Les voitures électriques commencent de plus en plus à envahir notre quotidien, et les États n’y sont généralement pas pour rien. Grâce aux subventions et aux avantages qu’ils proposent, les citoyens se tournent de plus en plus vers ce type de véhicule, à tel point que les pays en viennent à le regretter.

Le succès de la voiture électrique est aussi un problème pour l'État. La Norvège l'a déjà compris

Trop de voiture électrique tue l'État

C’est dans le dernier rapport de Bloomberg NEF que nous apprenons que 97% des véhicules vendus en Norvège sont rechargeables. Rapport qui nous apprend également que les motos électriques réduisent drastiquement la consommation mondiale d’énergie fossile dans le monde. Ce chiffre assez fou pourrait sembler bon pour la planète et la Norvège, mais en réalité, ce dernier donne plutôt de grosses migraines à l'État.

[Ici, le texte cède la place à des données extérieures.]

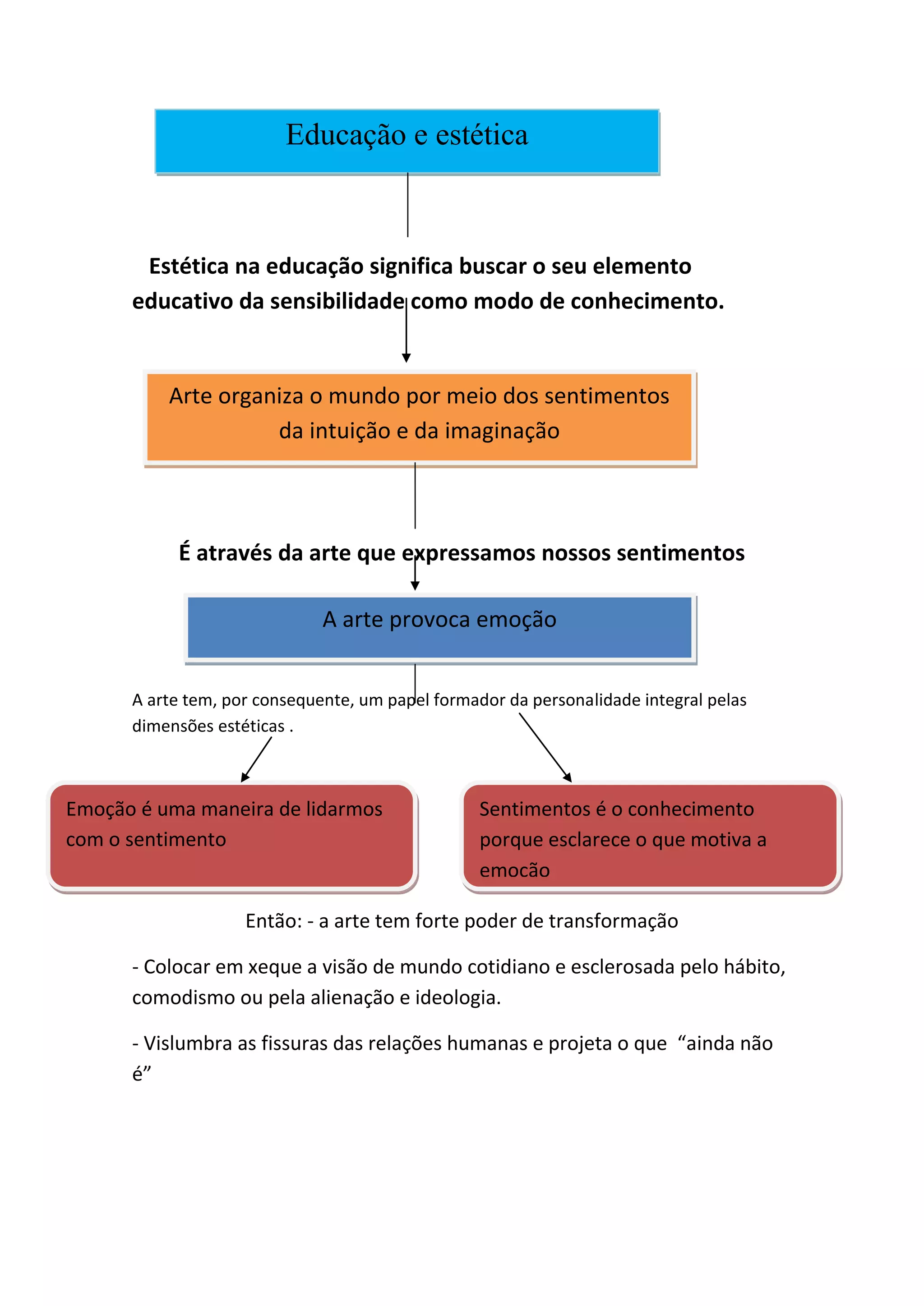 O documento discute como a estética e a arte são importantes na educação, transformando a visão de mundo das pessoas e organizando o mundo por meio dos sentimentos, intuição e imaginação. A arte provoca emoção e esclarece os sentimentos que motivam a emoção, sendo uma forma de conhecimento.
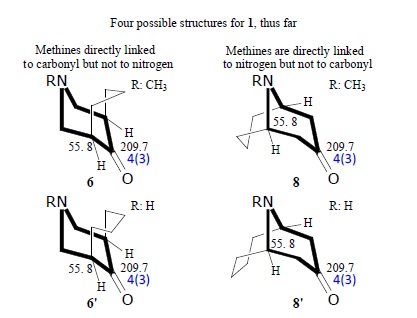 Since in this discussion we placed firstly methines in a of carbonyl (HC-C=O, 6, 6’), then the symmetrical methylene groups are placed in b of carbonyl of 4-piperidone. If we place methines in b of carbonyl, then methylene groups are in a of carbonyl (H2C-C=O, 8, 8’). Summarizing, depending of the position of the fourth carbon from the 4 remaining after assignment of the first five to 4-piperidone, we have four possible structures for 1, 6, 6’, 8 and 8’. We can at this point reassure the apparition of the second ring of bicyclic 1.
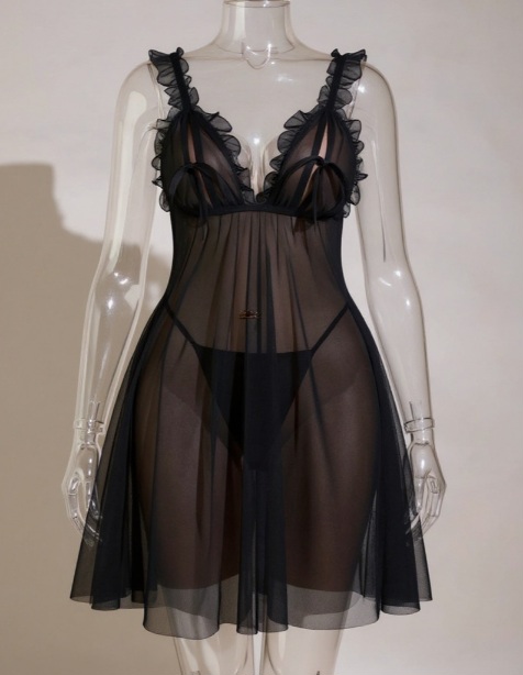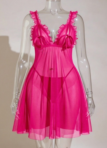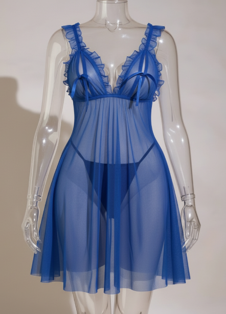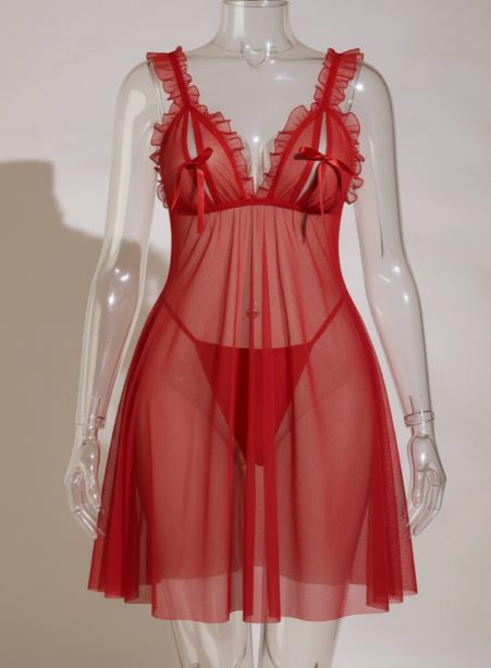 مدل لباس خواب: بند سرشانه چیندار، کاپ سینه چاکدار با بند گره ای، دامن کلوش، قد کار تا زیر باسن
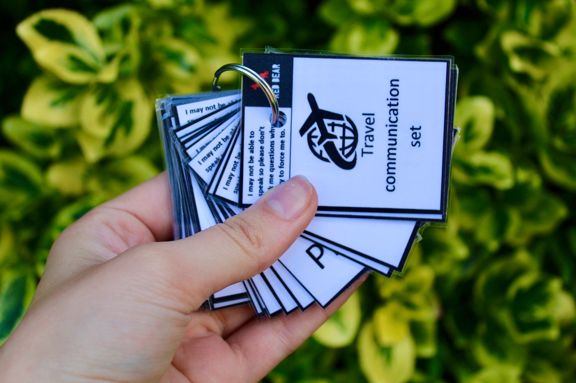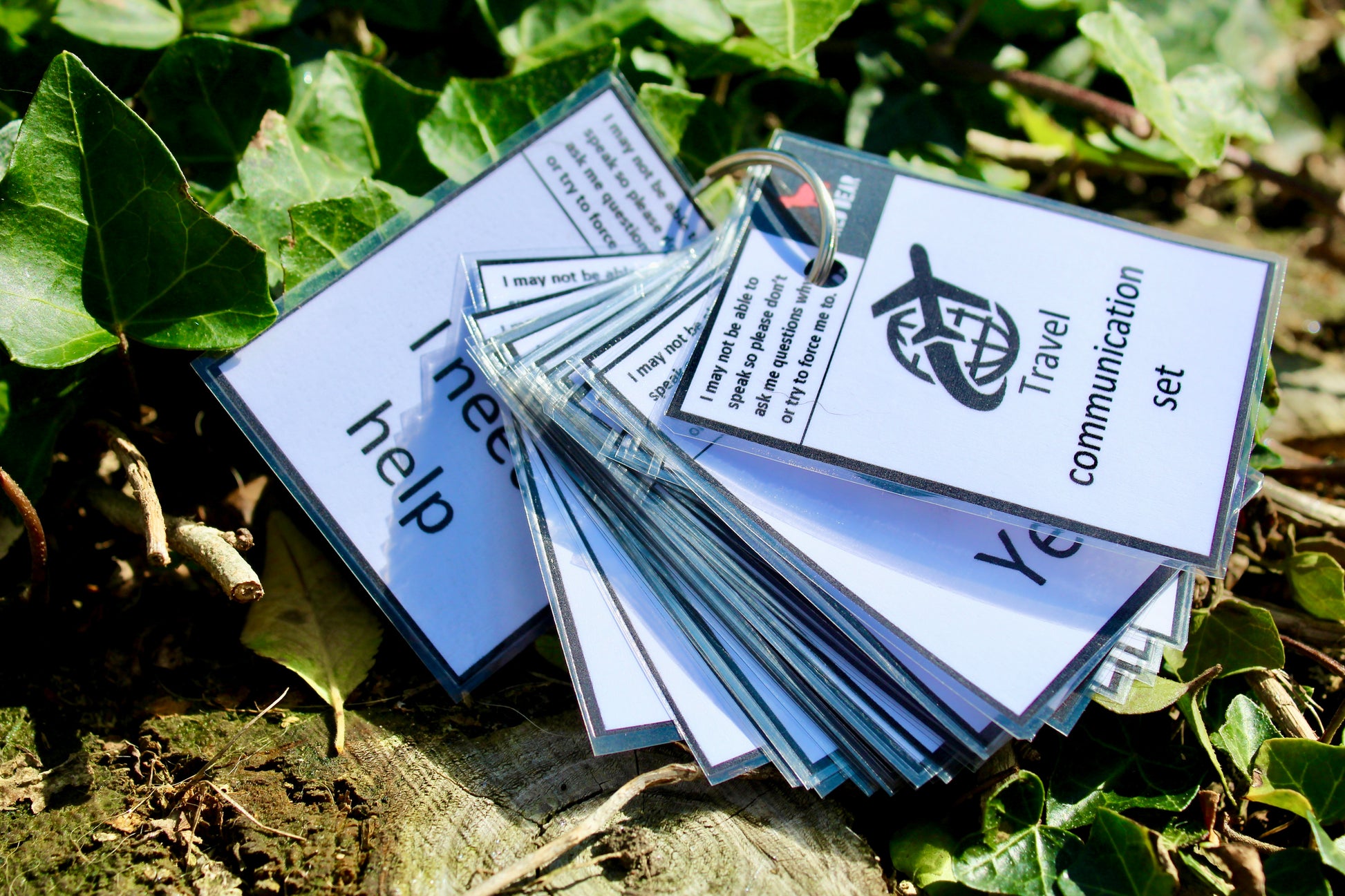 This thirty-two-piece card set explains that the holder of the cards may be non-verbal or struggle to communicate their needs. This communication set allows them to tell others what they might need or how they feel in the event of them not being able to express themselves verbally. They allow the holder to explain their needs in a simple and quick format for others to understand within a travel setting.
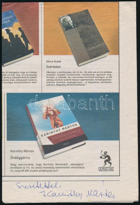 Karinthy Ferenc és Karinthy Márton írók autográf aláírása újságkivágás... https://www.darabanth.com/de/409-Fernauktion/409.0/Kunst-Dokumente-andere-Sammelgebiete/Signatur~500020/Karinthy-Ferenc-es-Karinthy-Marton-irok-autograf-alairasa-ujsagkivagason~II2539413
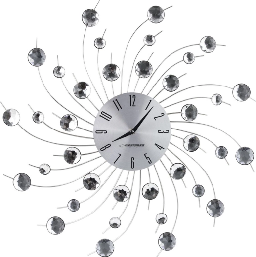 L'orologio da parete Geneva è la scelta ideale per chi cerca una decorazione elegante e stilosa per la propria casa o ufficio. La cassa dell'orologio è decorata con cristalli di diverse forme, creando l'impressione di "diamanti" scintillanti sulla vostra parete.
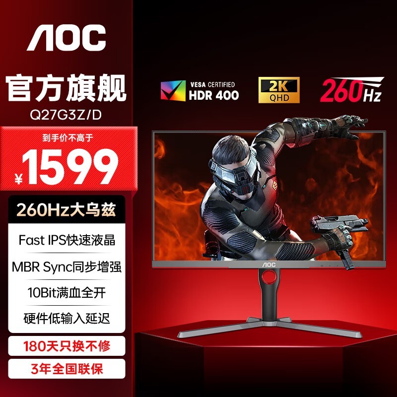 AOC 27英寸电竞显示器京东优惠价1599元

Dans ces 97%, 80% des véhicules sont purement électriques - le reste étant principalement occupé par des voitures hybrides. Et la tendance n’est pas près de s’atténuer puisqu’en 2021, un total de 113 751 voitures électriques a été vendu dans le pays nordique, rien que ça !

Pourtant, selon l’ACEA, la part de véhicules électriques en circulation dans le pays est équivalente à 12,1%. Néanmoins, l’achat de ce type de voiture provoque un trou assez important dans les caisses de l'État. L’estimation du manque à gagner s’élève donc à 1 878 millions d’euros, en partie à cause des subventions perçues pour l’achat d’un véhicule électrique.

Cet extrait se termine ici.